The directors issued a notice to convene a meeting for the other object and held the meeting. Then the shareholders, under the Companies Clauses Act, 1845, issued a notice of their own convening a meeting for both the objects in the original requisition. In an action by the directors to restrain the requisitionists, from holding the meeting, the Court of Appeal held that a notice to remove “any of the present directors” would justify a resolution for removing all who are directors at the present time. “Any”, Lord Cotton, L.J. pointed out, would involve “all”.
It is true that the language there was “any of the present directors” and not “any one of the present directors” and it is urged that the word “one”, in the latter phrase makes all the difference. We think it will be wrong to put too much emphasis on the word “one” here. It may be pointed out in this connection that the Permanent Edition of Words and Phrases, mentions an American case Front & Hintingdon Building & Loan Association v. Berzinski where the words “any of them” were held to be the equivalent of “any one of them”.
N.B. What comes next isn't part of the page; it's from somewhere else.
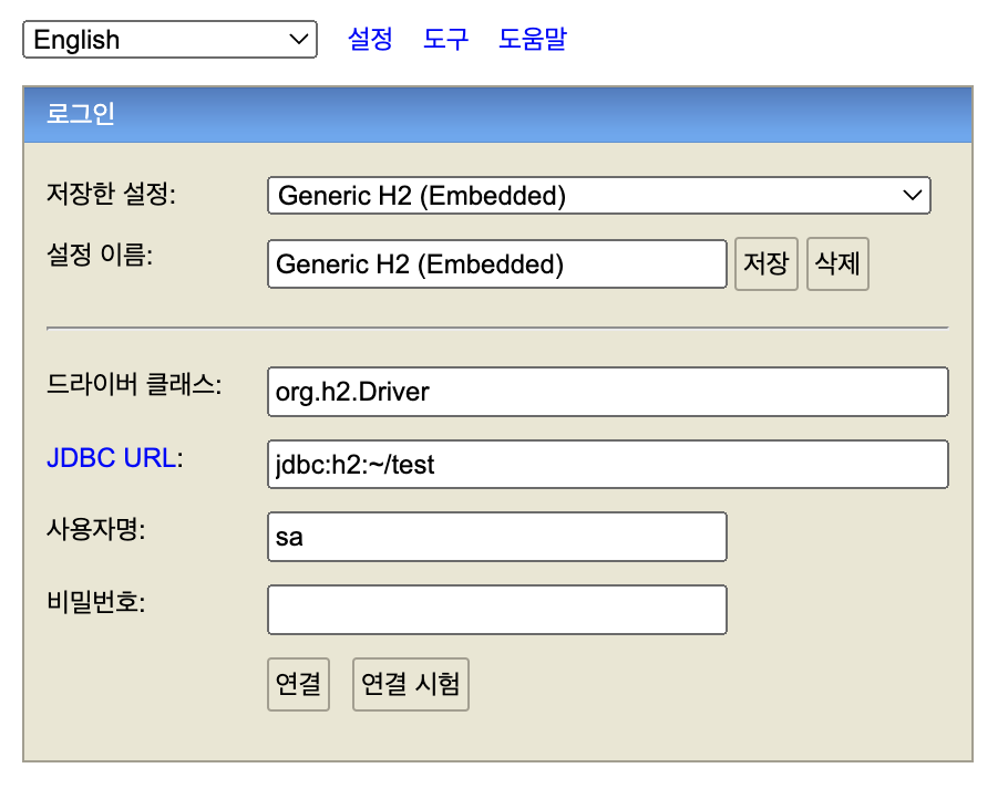 JDBC URL을 jdbc:h2:~/test로 최초 한번 설정해준다.

After giving the matter full and anxious consideration, we have come to the conclusion that the words “any one of the directors” is ambiguous; in some contexts, it means “only one of the directors, does not matter which one”, but in other contexts, it is capable of meaning “every one of the directors”. Which of these two meanings was intended by the legislature in any particular statutory phrase has to be decided by the courts on a consideration of the context in which the words appear, and in particular, the scheme and object of the legislation.”
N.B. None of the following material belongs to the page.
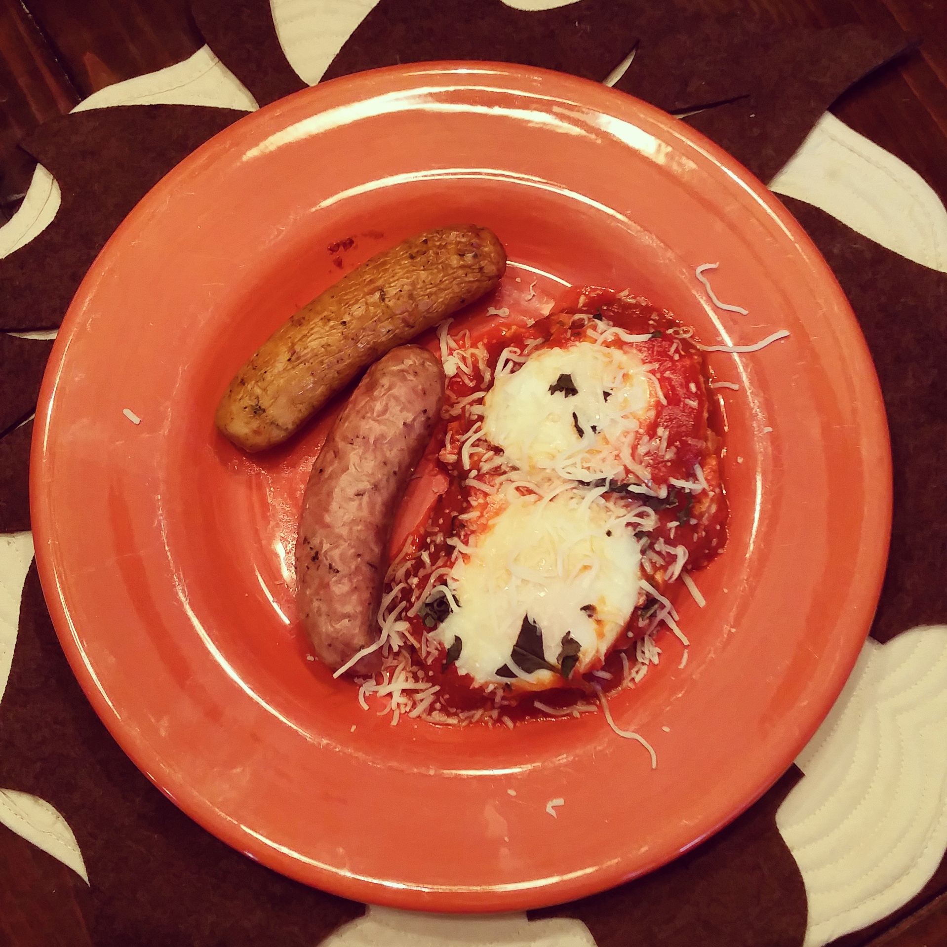 *If you prefer eggs more well cooked, you can cook them to your preference, then serve according to directions. If you would like additional protein, you can add cooked ground Italian Sausage to the marinara for a very filling breakfast.

113. The Constitution Bench found that the words “any one” has been commonly used to mean “every one” i.e. not one, but all. It found that the word “any”, in affirmative sentences, asserts, concerning a being or thing of the sort named, without limitation. It held that it is abundantly clear that the word “any one” is not infrequently used to mean “every one”.
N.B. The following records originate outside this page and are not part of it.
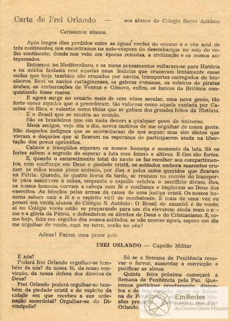 Jornal - A Semana - Informações - Avisos - Artigos - Evangelhos - Comunismo - Socialistas - Comunistas - Frei Orlando - Forças Expedicionárias
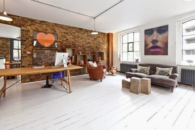 Techos altos, paredes de ladrillo visto, tarima blanca y unas fabulosas ventanas originales es el marco perfecto para una decoración industrial muy personal.
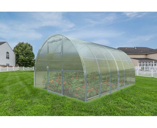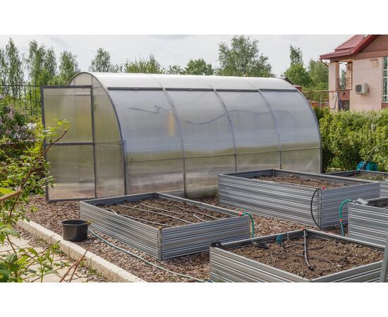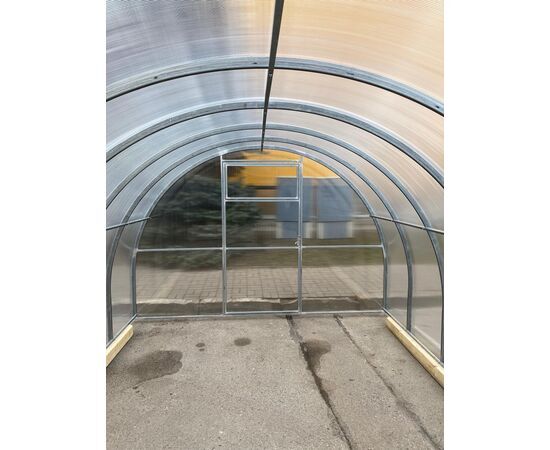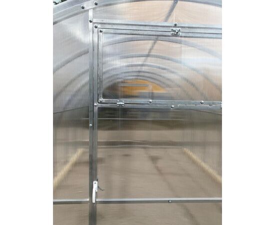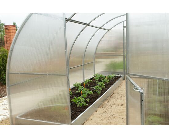 Siltumnīcai var būt dažāds garums, atkarībā no pircēja vēlmēm (4, 6, 8, 10….). Nepieciešamais garums tiek sasniegts ar siltumnīcas pagarinājumu ( + 2m). Bāzes komplektācijas siltumnīcas pārklājums – augstas kvalitātes polikarbonāts “Greenhouse”. Kā arī piedāvājam polikarbonātu “Standart” un “Premium” klases. Siltumnīcas karkass izgatavots no cinkota tērauda kvadrāt caurules (40 x 20 mm). Siltumnīcas montāža tiek veikta ar skrūvju un uzgriežņu palīdzību. Siltumnīcu var uzstādīt uz pamatnes, vai arī ierakt T-veida kājas gruntī. Siltumnīca ir aprīkota ar divām durvīm , abos siltumnīcas galos. Durvis ir aprīkotas ar vēdināšanas lūku.

114. It could be seen that the Constitution Bench, after giving the matter full and anxious consideration, came to the conclusion that the words “any one of the directors” was an ambiguous one. It held that in some contexts, it means “only one of the directors, does not matter which one”, but in other contexts, it is capable of meaning “every one of the directors”. It held that which of these two meanings was intended by the legislature in any particular statutory phrase has to be decided by the courts on consideration of the context in which the words appear, and in particular, the scheme and object of the legislation.
115. After examining the scheme of the Mines Act, 1952, the Constitution Bench of this Court further observed thus:
“But, argues Mr Pathak, one must not forget the special rule of interpretation for “penal statute” that if the language is ambiguous, the interpretation in favour of the accused should ordinarily be adopted. If you interpret “any one” in the sense suggested by him, the legislation he suggests is void and so the accused escapes. One of the two possible constructions, thus being in favour of the accused, should therefore be adopted. In our opinion, there is no substance in this contention. The rule of strict interpretation of penal statutes in favour of the accused is not of universal application, and must be considered along with other well-established rules of interpretation.
We have already seen that the scheme and object of the statute makes it reasonable to think that the legislature intended to subject all the directors of a company owning coal mines to prosecution and penalties, and not one only of the directors. In the face of these considerations there is no scope here of the application of the rule for strict interpretation of penal statutes in favour of the accused. The High Court appears to have been greatly impressed by the fact that in other statutes where the legislature wanted to make every one out of a group or a class of persons liable it used clear language expressing the intention; and that the phrase “any one” has not been used in any other statute in this country to express “every one”.
It will be unreasonable, in our opinion, to attach too much weight to this circumstance; and as for the reasons mentioned above, we think the phrase “any one of the directors” is capable of meaning “every one of the directors”, the fact that in other statutes, different words were used to express a similar meaning is not of any significance. We have, on all these considerations come to the conclusion that the words “any one of the directors” has been used in Section 76 to mean “every one of the directors”, and that the contrary interpretation given by the High Court is not correct.”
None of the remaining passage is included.